• WHAT YOU NEED TO DO
Type out the listing below exactly. Pictures stay out of it.

• MATERIAL TO PROCESS

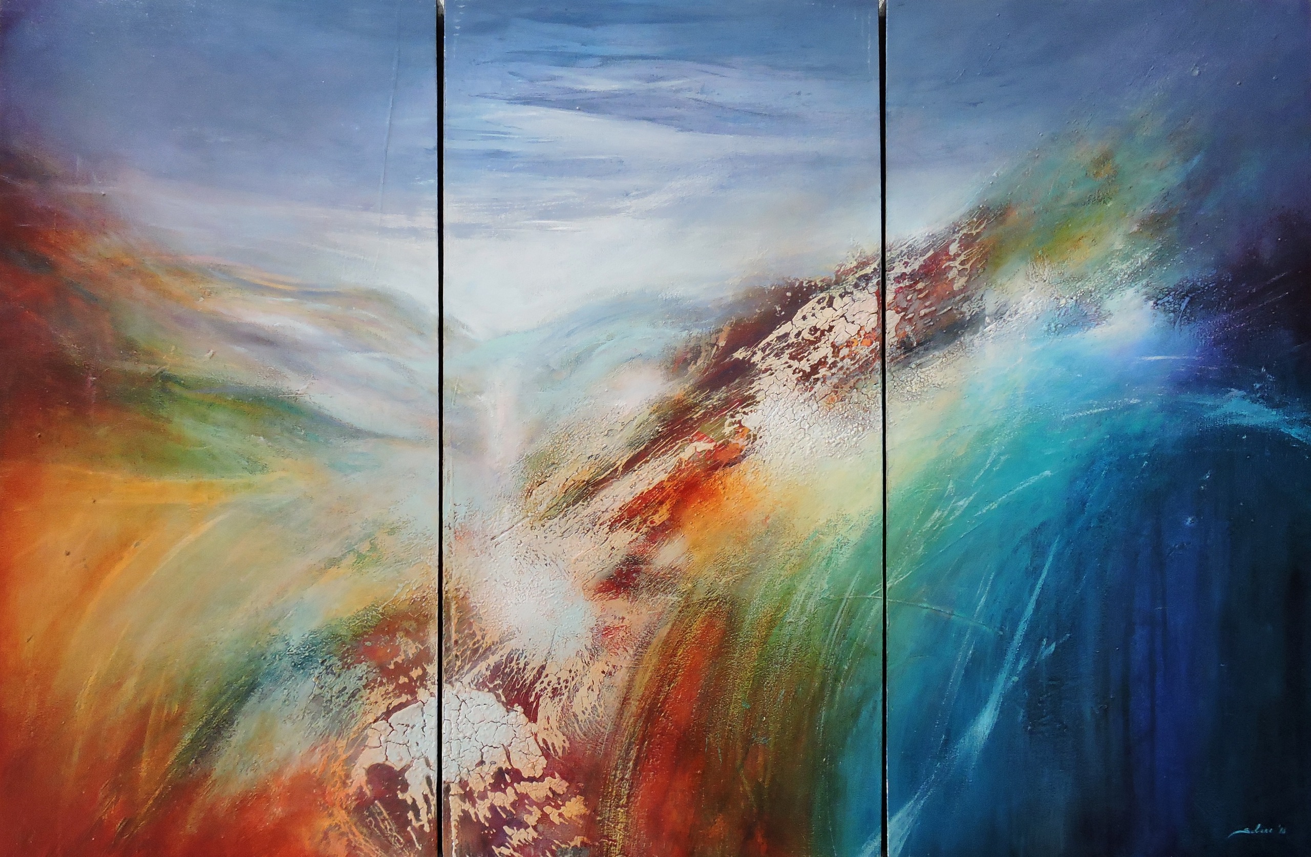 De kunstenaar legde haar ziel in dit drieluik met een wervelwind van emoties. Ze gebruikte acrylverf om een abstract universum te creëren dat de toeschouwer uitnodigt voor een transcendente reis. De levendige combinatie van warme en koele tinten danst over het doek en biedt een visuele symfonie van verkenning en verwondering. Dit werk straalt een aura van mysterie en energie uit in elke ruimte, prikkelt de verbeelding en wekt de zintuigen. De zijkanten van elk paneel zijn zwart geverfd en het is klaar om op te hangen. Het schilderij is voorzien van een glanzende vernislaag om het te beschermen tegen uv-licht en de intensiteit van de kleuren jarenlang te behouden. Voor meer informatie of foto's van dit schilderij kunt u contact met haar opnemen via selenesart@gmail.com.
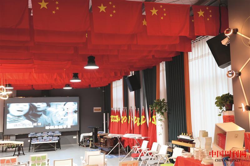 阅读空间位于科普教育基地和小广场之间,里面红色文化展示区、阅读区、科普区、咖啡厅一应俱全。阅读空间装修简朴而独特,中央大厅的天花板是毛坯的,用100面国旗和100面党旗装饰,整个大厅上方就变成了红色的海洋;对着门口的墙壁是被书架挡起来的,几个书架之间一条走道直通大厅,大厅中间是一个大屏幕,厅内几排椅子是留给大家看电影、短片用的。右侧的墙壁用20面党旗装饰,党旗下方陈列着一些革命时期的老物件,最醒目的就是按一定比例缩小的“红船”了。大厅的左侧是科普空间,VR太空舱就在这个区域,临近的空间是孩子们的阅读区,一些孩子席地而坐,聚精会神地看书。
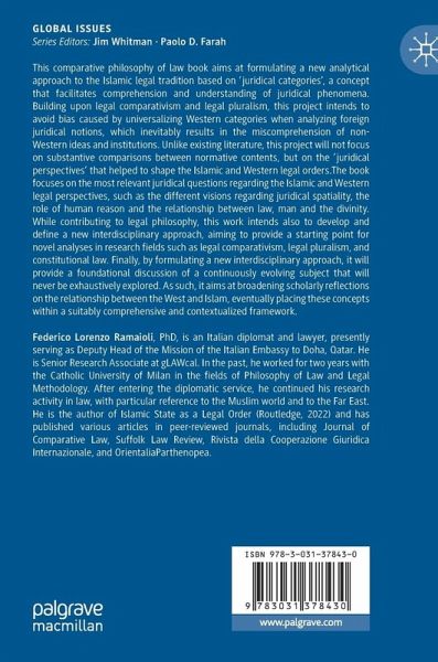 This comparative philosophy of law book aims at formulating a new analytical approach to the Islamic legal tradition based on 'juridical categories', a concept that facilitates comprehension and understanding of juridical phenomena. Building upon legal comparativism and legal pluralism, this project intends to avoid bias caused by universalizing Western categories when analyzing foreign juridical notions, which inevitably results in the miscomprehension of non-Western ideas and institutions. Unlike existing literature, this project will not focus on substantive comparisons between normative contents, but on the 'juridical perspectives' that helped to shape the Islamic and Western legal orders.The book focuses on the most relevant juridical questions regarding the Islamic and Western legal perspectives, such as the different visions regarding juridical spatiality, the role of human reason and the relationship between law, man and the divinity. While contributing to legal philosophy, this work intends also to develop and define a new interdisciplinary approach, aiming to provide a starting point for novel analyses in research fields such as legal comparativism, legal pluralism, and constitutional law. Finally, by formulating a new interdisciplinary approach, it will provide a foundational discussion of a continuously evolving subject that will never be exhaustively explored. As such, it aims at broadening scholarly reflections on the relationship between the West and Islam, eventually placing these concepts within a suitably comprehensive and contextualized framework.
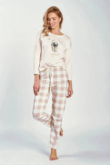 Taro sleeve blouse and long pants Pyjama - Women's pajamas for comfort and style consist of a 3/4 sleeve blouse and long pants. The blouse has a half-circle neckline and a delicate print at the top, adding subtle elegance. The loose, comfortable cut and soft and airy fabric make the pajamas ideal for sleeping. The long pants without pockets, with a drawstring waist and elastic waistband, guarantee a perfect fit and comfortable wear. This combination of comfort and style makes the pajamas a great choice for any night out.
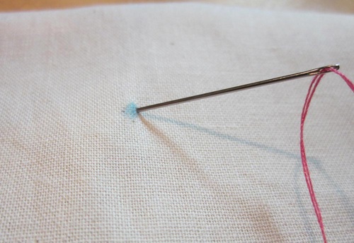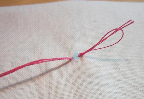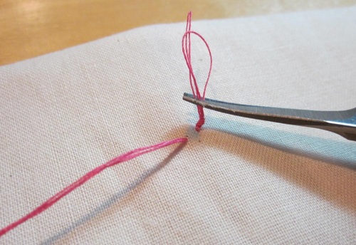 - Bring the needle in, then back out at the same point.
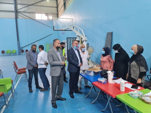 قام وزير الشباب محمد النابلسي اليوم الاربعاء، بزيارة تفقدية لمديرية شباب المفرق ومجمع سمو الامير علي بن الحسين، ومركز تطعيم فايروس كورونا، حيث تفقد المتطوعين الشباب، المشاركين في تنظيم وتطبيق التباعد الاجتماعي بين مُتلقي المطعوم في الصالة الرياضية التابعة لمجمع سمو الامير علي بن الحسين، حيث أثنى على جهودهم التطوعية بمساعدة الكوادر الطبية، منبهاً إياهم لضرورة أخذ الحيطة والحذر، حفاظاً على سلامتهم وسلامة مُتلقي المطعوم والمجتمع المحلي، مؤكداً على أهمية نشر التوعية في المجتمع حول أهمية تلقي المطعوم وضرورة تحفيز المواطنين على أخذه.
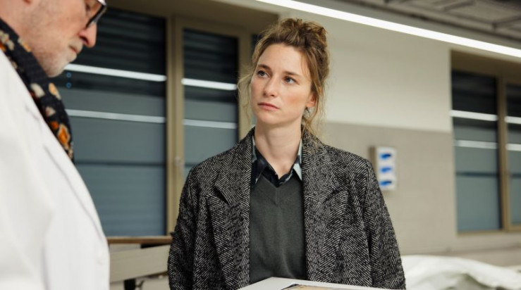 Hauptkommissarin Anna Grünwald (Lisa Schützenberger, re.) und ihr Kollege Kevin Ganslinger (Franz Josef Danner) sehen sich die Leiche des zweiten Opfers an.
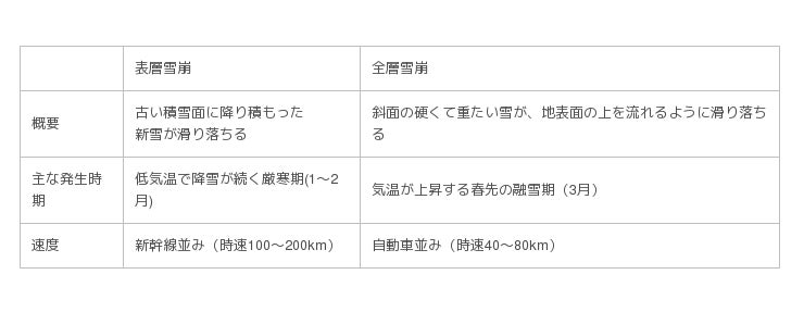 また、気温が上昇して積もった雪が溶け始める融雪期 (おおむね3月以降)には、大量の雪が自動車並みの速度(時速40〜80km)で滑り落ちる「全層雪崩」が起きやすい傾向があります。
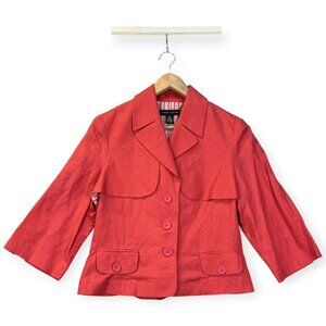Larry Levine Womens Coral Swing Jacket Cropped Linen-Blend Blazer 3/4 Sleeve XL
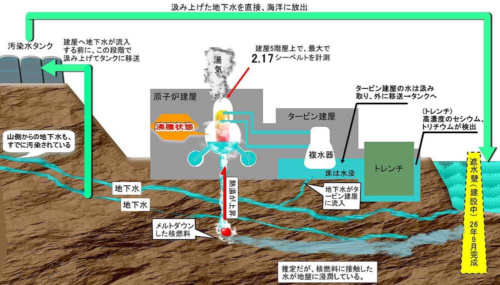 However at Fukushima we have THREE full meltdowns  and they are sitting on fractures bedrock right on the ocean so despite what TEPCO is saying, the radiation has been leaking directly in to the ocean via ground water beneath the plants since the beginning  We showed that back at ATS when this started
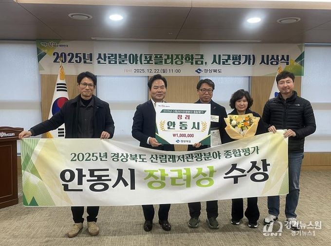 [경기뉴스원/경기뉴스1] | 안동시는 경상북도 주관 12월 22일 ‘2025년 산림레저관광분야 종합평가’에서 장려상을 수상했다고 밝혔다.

• SOLUTION BELOW
 De kunstenaar legde haar ziel in dit drieluik met een wervelwind van emoties. Ze gebruikte acrylverf om een abstract universum te creëren dat de toeschouwer uitnodigt voor een transcendente reis. De levendige combinatie van warme en koele tinten danst over het doek en biedt een visuele symfonie van verkenning en verwondering. Dit werk straalt een aura van mysterie en energie uit in elke ruimte, prikkelt de verbeelding en wekt de zintuigen. De zijkanten van elk paneel zijn zwart geverfd en het is klaar om op te hangen. Het schilderij is voorzien van een glanzende vernislaag om het te beschermen tegen uv-licht en de intensiteit van de kleuren jarenlang te behouden. Voor meer informatie of foto's van dit schilderij kunt u contact met haar opnemen via selenesart@gmail.com.
 阅读空间位于科普教育基地和小广场之间,里面红色文化展示区、阅读区、科普区、咖啡厅一应俱全。阅读空间装修简朴而独特,中央大厅的天花板是毛坯的,用100面国旗和100面党旗装饰,整个大厅上方就变成了红色的海洋;对着门口的墙壁是被书架挡起来的,几个书架之间一条走道直通大厅,大厅中间是一个大屏幕,厅内几排椅子是留给大家看电影、短片用的。右侧的墙壁用20面党旗装饰,党旗下方陈列着一些革命时期的老物件,最醒目的就是按一定比例缩小的“红船”了。大厅的左侧是科普空间,VR太空舱就在这个区域,临近的空间是孩子们的阅读区,一些孩子席地而坐,聚精会神地看书。
 This comparative philosophy of law book aims at formulating a new analytical approach to the Islamic legal tradition based on 'juridical categories', a concept that facilitates comprehension and understanding of juridical phenomena. Building upon legal comparativism and legal pluralism, this project intends to avoid bias caused by universalizing Western categories when analyzing foreign juridical notions, which inevitably results in the miscomprehension of non-Western ideas and institutions. Unlike existing literature, this project will not focus on substantive comparisons between normative contents, but on the 'juridical perspectives' that helped to shape the Islamic and Western legal orders.The book focuses on the most relevant juridical questions regarding the Islamic and Western legal perspectives, such as the different visions regarding juridical spatiality, the role of human reason and the relationship between law, man and the divinity. While contributing to legal philosophy, this work intends also to develop and define a new interdisciplinary approach, aiming to provide a starting point for novel analyses in research fields such as legal comparativism, legal pluralism, and constitutional law. Finally, by formulating a new interdisciplinary approach, it will provide a foundational discussion of a continuously evolving subject that will never be exhaustively explored. As such, it aims at broadening scholarly reflections on the relationship between the West and Islam, eventually placing these concepts within a suitably comprehensive and contextualized framework.
 Taro sleeve blouse and long pants Pyjama - Women's pajamas for comfort and style consist of a 3/4 sleeve blouse and long pants. The blouse has a half-circle neckline and a delicate print at the top, adding subtle elegance. The loose, comfortable cut and soft and airy fabric make the pajamas ideal for sleeping. The long pants without pockets, with a drawstring waist and elastic waistband, guarantee a perfect fit and comfortable wear. This combination of comfort and style makes the pajamas a great choice for any night out.
 - Bring the needle in, then back out at the same point.
 قام وزير الشباب محمد النابلسي اليوم الاربعاء، بزيارة تفقدية لمديرية شباب المفرق ومجمع سمو الامير علي بن الحسين، ومركز تطعيم فايروس كورونا، حيث تفقد المتطوعين الشباب، المشاركين في تنظيم وتطبيق التباعد الاجتماعي بين مُتلقي المطعوم في الصالة الرياضية التابعة لمجمع سمو الامير علي بن الحسين، حيث أثنى على جهودهم التطوعية بمساعدة الكوادر الطبية، منبهاً إياهم لضرورة أخذ الحيطة والحذر، حفاظاً على سلامتهم وسلامة مُتلقي المطعوم والمجتمع المحلي، مؤكداً على أهمية نشر التوعية في المجتمع حول أهمية تلقي المطعوم وضرورة تحفيز المواطنين على أخذه.
 Hauptkommissarin Anna Grünwald (Lisa Schützenberger, re.) und ihr Kollege Kevin Ganslinger (Franz Josef Danner) sehen sich die Leiche des zweiten Opfers an.
 また、気温が上昇して積もった雪が溶け始める融雪期 (おおむね3月以降)には、大量の雪が自動車並みの速度(時速40〜80km)で滑り落ちる「全層雪崩」が起きやすい傾向があります。
Larry Levine Womens Coral Swing Jacket Cropped Linen-Blend Blazer 3/4 Sleeve XL
 However at Fukushima we have THREE full meltdowns  and they are sitting on fractures bedrock right on the ocean so despite what TEPCO is saying, the radiation has been leaking directly in to the ocean via ground water beneath the plants since the beginning  We showed that back at ATS when this started
 [경기뉴스원/경기뉴스1] | 안동시는 경상북도 주관 12월 22일 ‘2025년 산림레저관광분야 종합평가’에서 장려상을 수상했다고 밝혔다.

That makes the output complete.